◆ **Work task**: Repeat the stretch of entries below from the line with "Джемпер лаконічного дизайну" through the line with "据了解,2025年前三季度,四大主导产业". Include both ends and add nothing.

◆ **Information given**:
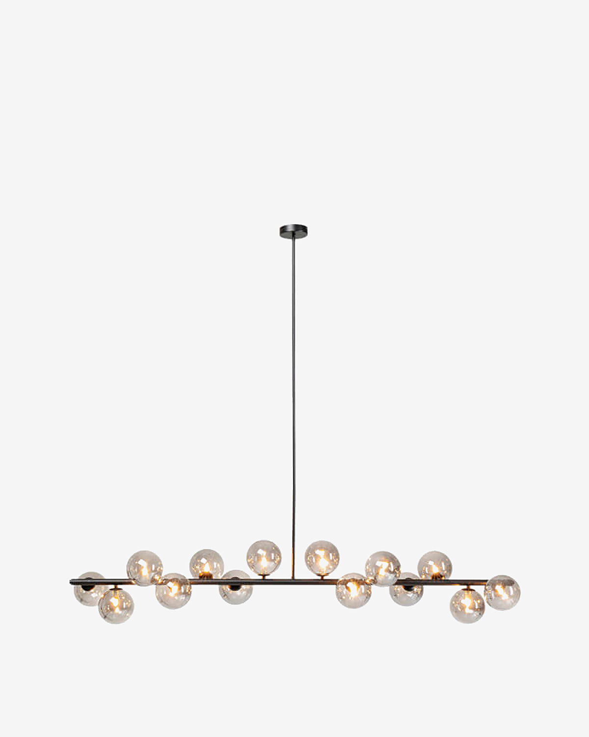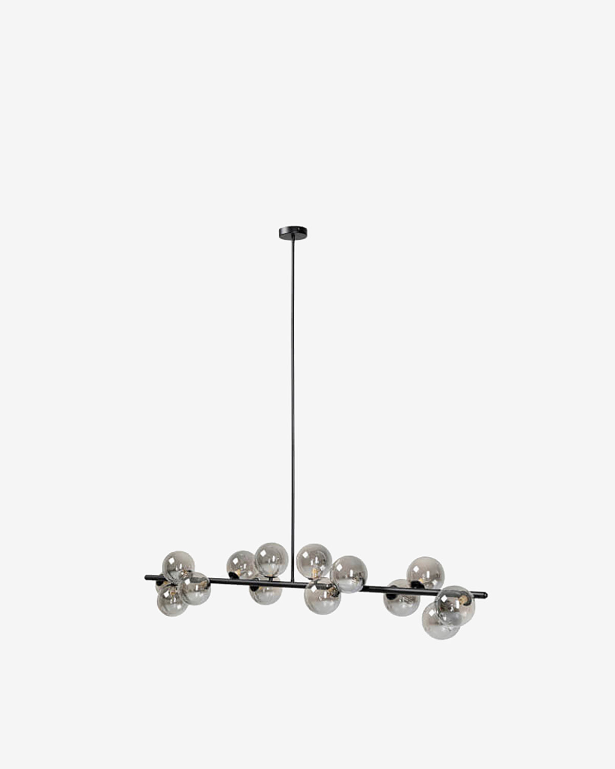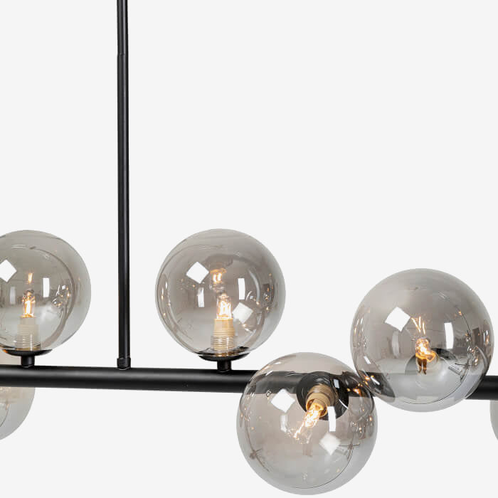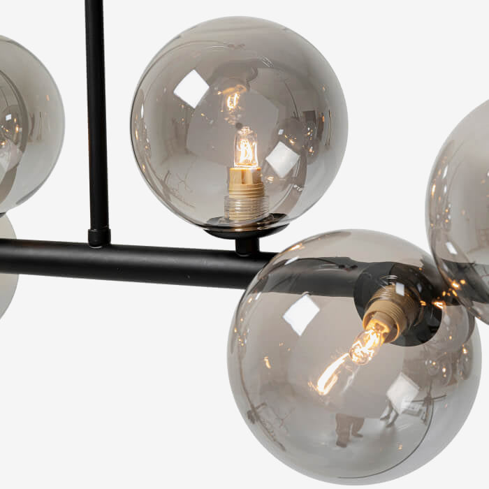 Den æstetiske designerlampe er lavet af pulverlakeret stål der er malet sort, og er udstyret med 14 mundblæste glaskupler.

...

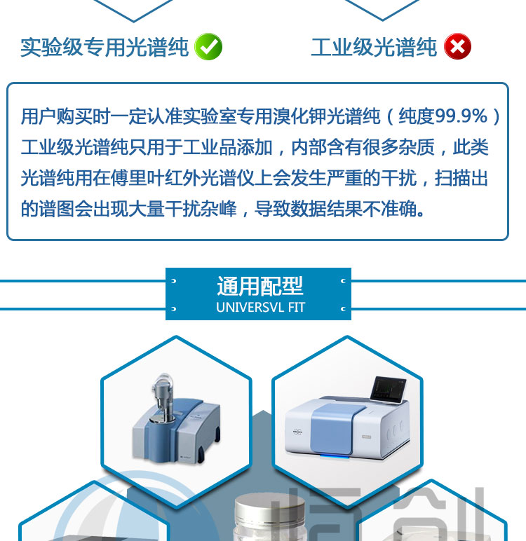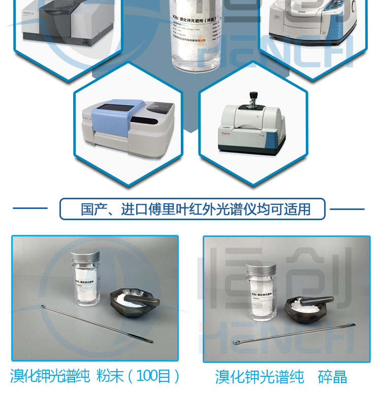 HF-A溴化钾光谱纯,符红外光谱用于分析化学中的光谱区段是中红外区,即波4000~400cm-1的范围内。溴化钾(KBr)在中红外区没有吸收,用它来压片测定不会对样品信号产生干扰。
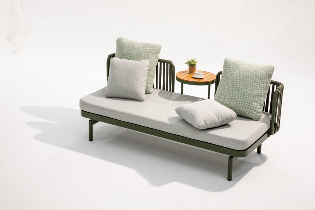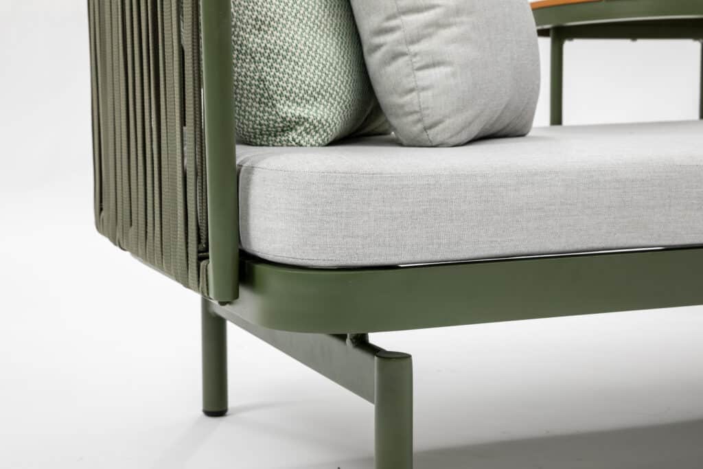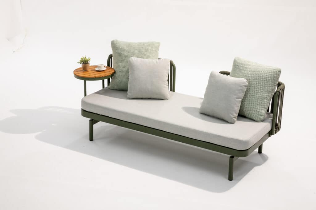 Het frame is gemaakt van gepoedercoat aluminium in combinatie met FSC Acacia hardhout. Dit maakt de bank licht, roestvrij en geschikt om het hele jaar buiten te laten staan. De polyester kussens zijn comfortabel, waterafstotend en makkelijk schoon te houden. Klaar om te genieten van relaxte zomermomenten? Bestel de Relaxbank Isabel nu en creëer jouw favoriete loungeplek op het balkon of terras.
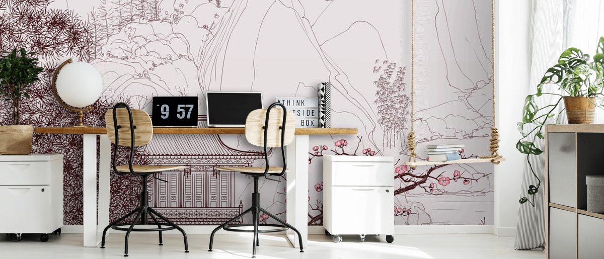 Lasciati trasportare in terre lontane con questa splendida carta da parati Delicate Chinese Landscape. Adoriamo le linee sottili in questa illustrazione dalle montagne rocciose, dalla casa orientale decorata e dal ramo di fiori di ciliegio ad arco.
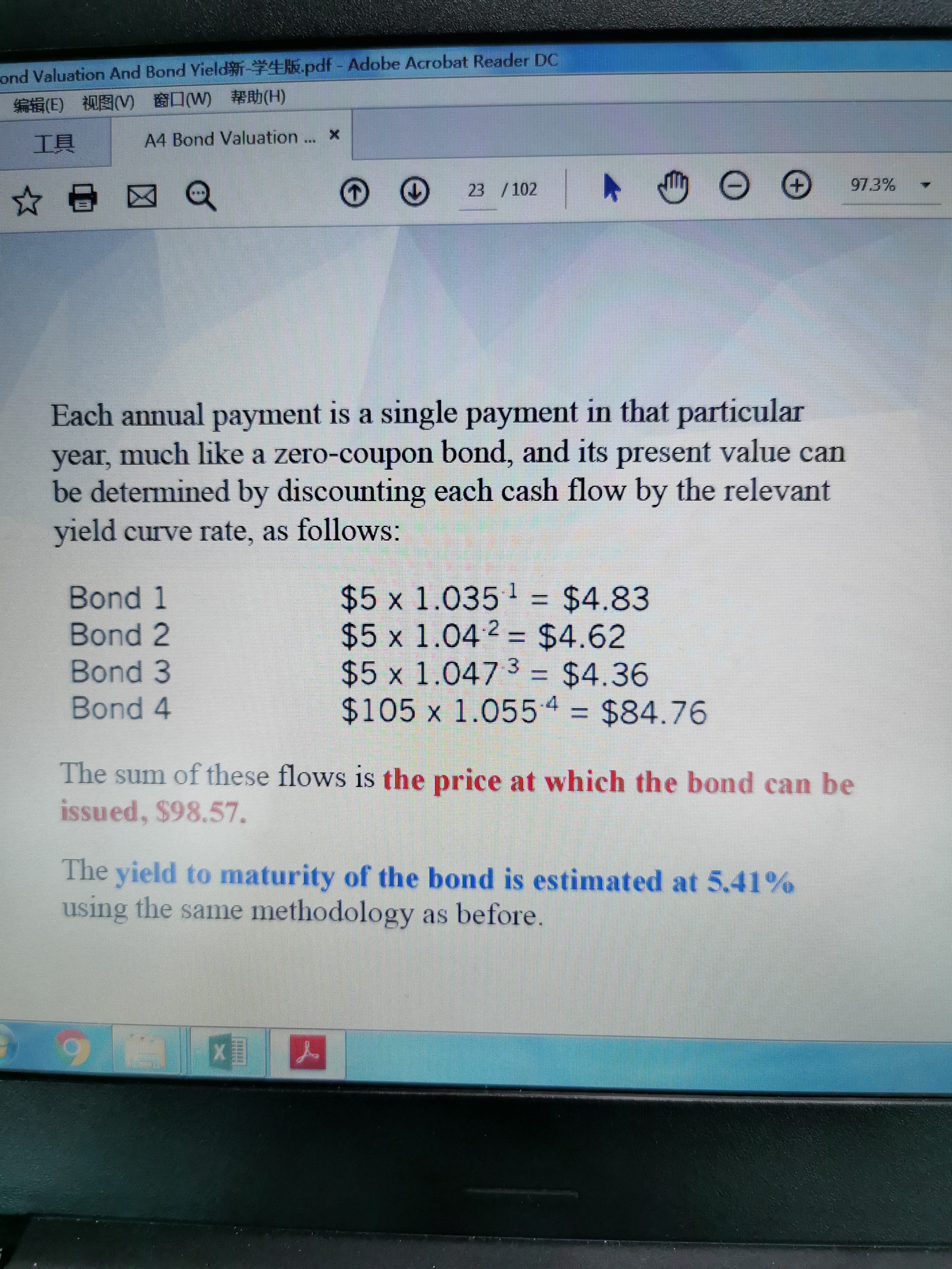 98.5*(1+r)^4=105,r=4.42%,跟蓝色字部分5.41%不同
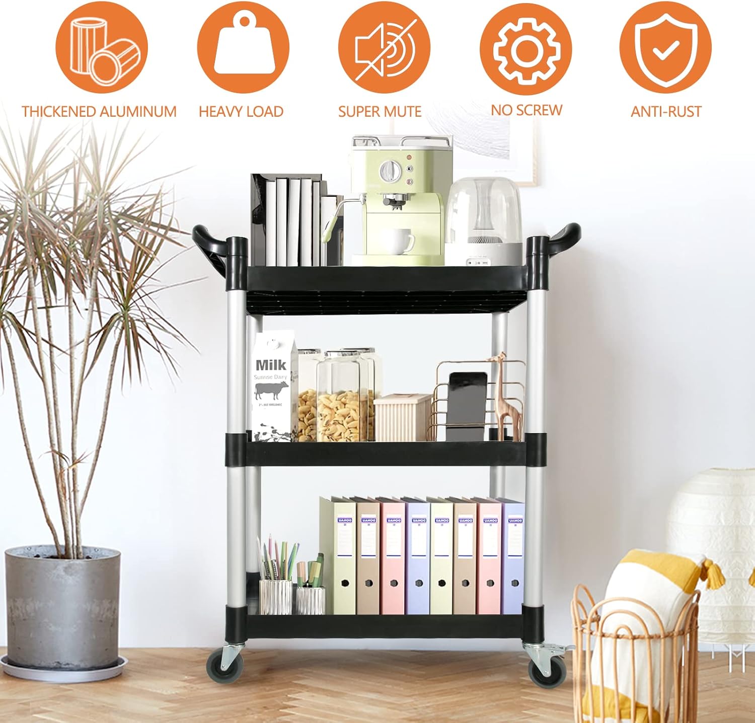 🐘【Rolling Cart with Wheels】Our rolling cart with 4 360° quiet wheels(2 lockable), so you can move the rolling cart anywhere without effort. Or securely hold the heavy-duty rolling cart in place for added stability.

--

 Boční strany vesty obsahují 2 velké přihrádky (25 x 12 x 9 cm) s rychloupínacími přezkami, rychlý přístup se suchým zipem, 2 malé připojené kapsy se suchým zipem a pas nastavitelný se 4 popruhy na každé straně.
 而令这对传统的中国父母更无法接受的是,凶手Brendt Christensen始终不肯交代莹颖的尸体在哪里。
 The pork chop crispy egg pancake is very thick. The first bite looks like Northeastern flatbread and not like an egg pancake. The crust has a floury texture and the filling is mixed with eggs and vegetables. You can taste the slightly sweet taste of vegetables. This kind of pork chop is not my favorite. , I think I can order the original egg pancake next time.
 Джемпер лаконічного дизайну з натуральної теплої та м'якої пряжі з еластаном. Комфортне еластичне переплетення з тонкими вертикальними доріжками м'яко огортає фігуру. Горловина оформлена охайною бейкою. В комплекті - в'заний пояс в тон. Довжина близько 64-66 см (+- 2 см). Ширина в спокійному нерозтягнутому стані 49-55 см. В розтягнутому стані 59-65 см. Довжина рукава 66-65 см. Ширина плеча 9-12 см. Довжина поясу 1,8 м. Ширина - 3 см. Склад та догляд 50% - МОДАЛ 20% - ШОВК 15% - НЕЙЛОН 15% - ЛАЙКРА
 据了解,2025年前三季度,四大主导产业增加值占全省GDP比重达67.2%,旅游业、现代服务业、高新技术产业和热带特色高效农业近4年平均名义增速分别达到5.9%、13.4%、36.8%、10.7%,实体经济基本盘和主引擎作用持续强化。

◆ **The completed task**:
 Джемпер лаконічного дизайну з натуральної теплої та м'якої пряжі з еластаном. Комфортне еластичне переплетення з тонкими вертикальними доріжками м'яко огортає фігуру. Горловина оформлена охайною бейкою. В комплекті - в'заний пояс в тон. Довжина близько 64-66 см (+- 2 см). Ширина в спокійному нерозтягнутому стані 49-55 см. В розтягнутому стані 59-65 см. Довжина рукава 66-65 см. Ширина плеча 9-12 см. Довжина поясу 1,8 м. Ширина - 3 см. Склад та догляд 50% - МОДАЛ 20% - ШОВК 15% - НЕЙЛОН 15% - ЛАЙКРА
 据了解,2025年前三季度,四大主导产业增加值占全省GDP比重达67.2%,旅游业、现代服务业、高新技术产业和热带特色高效农业近4年平均名义增速分别达到5.9%、13.4%、36.8%、10.7%,实体经济基本盘和主引擎作用持续强化。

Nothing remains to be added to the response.